MS RFC 22a: Feature cache for long running processes and query processing (update)

Thu Jun 28 08:31:33 EDT 2007

2007/6/28, Daniel Morissette <dmorissette at mapgears.com>:

> Life would be so much easier for us if all our users were of the type
> you describe here. Unfortunately my experience differs from yours: in my
> experience I have seen all sorts of users, some beginners, some
> experienced, some who read docs and some who don't. I have also learned
> that even the talented developers prefer when the software behaves in a
> natural way, does "the right thing" by default, and when the interface
> to use a feature is simple.

Daniel,

That cannot be kept up in any case especially when the addressed problems
are extensive and complex by nature. I don't think if we have only simple
tools to solve the problems in the world. For example SWIG itself provides
a fairly abstract way for creating the wrapper and it's quite difficult for the
average user to follow what's happening behind the scenes. Though we
have hundreds of pages documenting the issues I consider most of us
might have to dig into the actual implementation to understand much of
the aspects. But it does not prevent the users to utilize the capabilities of
that project.

Moreover in this particular case the user can continue to think about
data providers
and layers. The only addition is that some layers can use other layers
to obtain the features. I think that this approach is new but not
unnatural from the aspect of the mapserver project.

>
> That being said, if what RFC-22a proposes is the simplest possible
> solution for the double-pass query then so be it (at least it's a
> solution), but you can be assured that this approach will prompt all
> sorts of questions from all sorts of users, especially with respect to
> the way it solves the double-pass query issue which is my main concern
> in this discussion.
>

If we think about this problem as a deficiency of some particular providers
that it should be solved by that provider silently. But I think caching data
for the subsequent renderings and for storing/preprocessing and
post-processing the query results is a bit more than a fix for an issue.
This RFC addresses new features more than fixes for existing problems.

> >
> > Or alternatively we could focus only on the 2 pass query problem by not
> > utilizing the vtable. It will possibly require either to modify all of
> > the mapserver
> > code involved in the query operations or modify all of the providers
> > suffering
> > from this particular problem. This might require a large amount of changes
> > in the existing code and would solve at most 20% of the problems I've
> > addressed.
> >
>
> Well, that 20% (the double-pass query) is the one that keeps coming back
> every once in a while. The other 80% are bonus features for which there
> has been very little demand so far.

I'm not totally sure about that. Many of the people are involved in handling
the query results that might require to represent the features in
separate inline
layers and creating a fair amount of code around the mapserver core to
process the results. The cause of the little demand is that they don't expect
that mapserver will ever support some built in solution on that.

>
> Let's keep in mind that "MapServer is not a full-featured GIS system,
> nor does it aspire to be". Transforming features on the fly is nice, but
> that kind of processing has never been MapServer's focus. I believe
> other tools such as PostGIS support this kind of operations and I always
> had a preference for letting them offer those features and letting
> MapServer concentrate on what it does best: publish maps on the web.
>

I consider that statement is rather an apology than a design goal. These
 query/selection processing options are related to how mapserver represents
the results on the map which - I think - is one of the primary objectives.

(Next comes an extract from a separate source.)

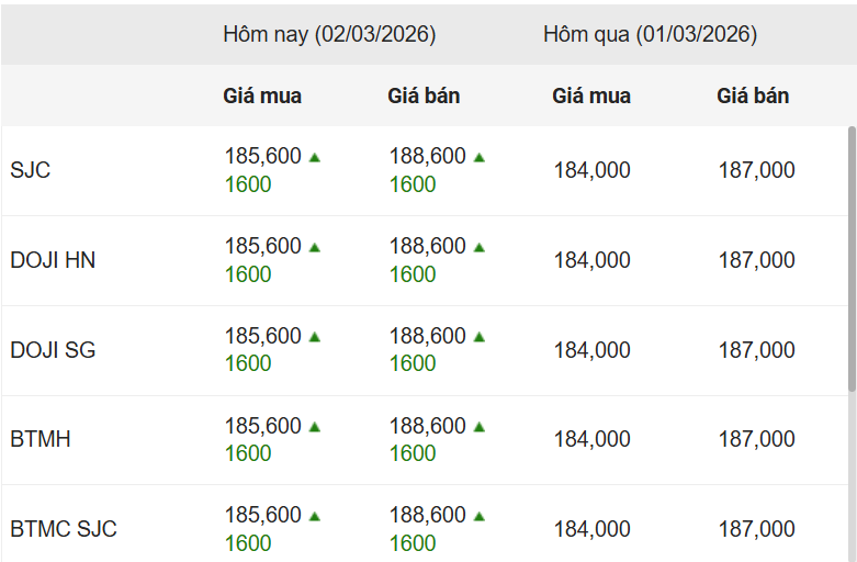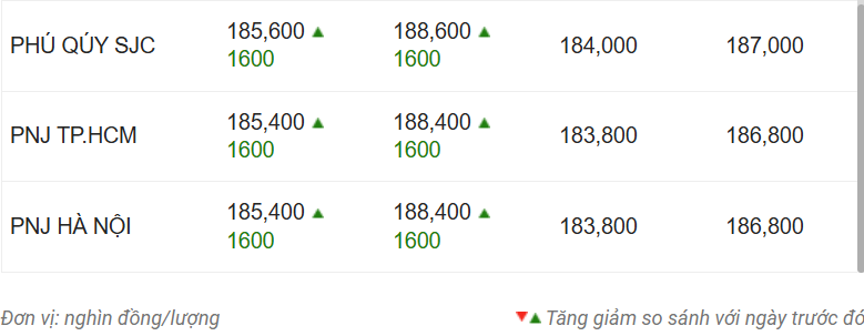 Công ty Vàng bạc đá quý Sài Gòn (SJC), Tập đoàn Vàng bạc Đá quý DOJI, Bảo Tín Minh Châu, Bảo Tín Mạnh Hải và Phú Quý SJC cùng niêm yết giá vàng miếng SJC mua vào-bán ra ở mức 185,6-188,6 triệu đồng/lượng, tăng 1,6 triệu đồng ở cả chiều mua và chiều bán ra so với phiên trước.

I'm not sure about the Web mapping usage restriction either. There are
a number of existing applications use mapserver as the rendering engine
in a desktop environment with long running processes as well.

Though PostGIS might have such support for applying data
transformations but using that might be suboptimal in many cases.
For example:

1. The user would not like to rely on a particular provider and wants
a provider neutral solution
2. The processing should be done in-process and the frequent database
access is undesired in the query operations.
3. Would want to feature various providers in the processing. For
example the selection shapes for the filter would come from a
mapinfo.tab data source.
4. Would want a support custom style for the renderings base on some
external data using styleitem "auto" with some additional providers
in the future.
5. Using queries based on other query results. Would eliminate the
need to pass the results back to the data source using some additional
interfaces unrelated to mapserver.
...

> I think the users who need a Web GIS should be looking more at MapGuide
> than MapServer.

If we always direct the people to other projects to solve the problems and
keep mapserver to support only a narrow subset of the Web GIS capabilities
then the project will eventually die.

I'm not aware of MapGuide so much. But the user guide has some interesting
chapters. Like the "Creating Buffers Around Map Features" one.

>
> Let's say that the first WhichShapes call loads 1,000 shapes, and then I
> do a query by point on that layer. Since there is no spatial index in
> memory, all the shapes in the cache will have to be accessed to identify
> the ones that are within tolerance of the query location. Sure, looking
> up the bounds of 1000 shapes is not a huge cost, but it's a cost, on top
> of all the memory used to cache all those shapes.
>

This question is related to how the cache is implemented but does not invalidate
the overall concept. I consider the actual implementation might change inside
the providers to handle the lookups more efficiently. At the moment I would
rather establish the framework than the fully implemented solution inside.
I can eventually ensure an option that the cache will be reconstructed every
time the WhichShapes is called but there's no chance to distinguish between
the various purposes of the providers accesses (query or rendering).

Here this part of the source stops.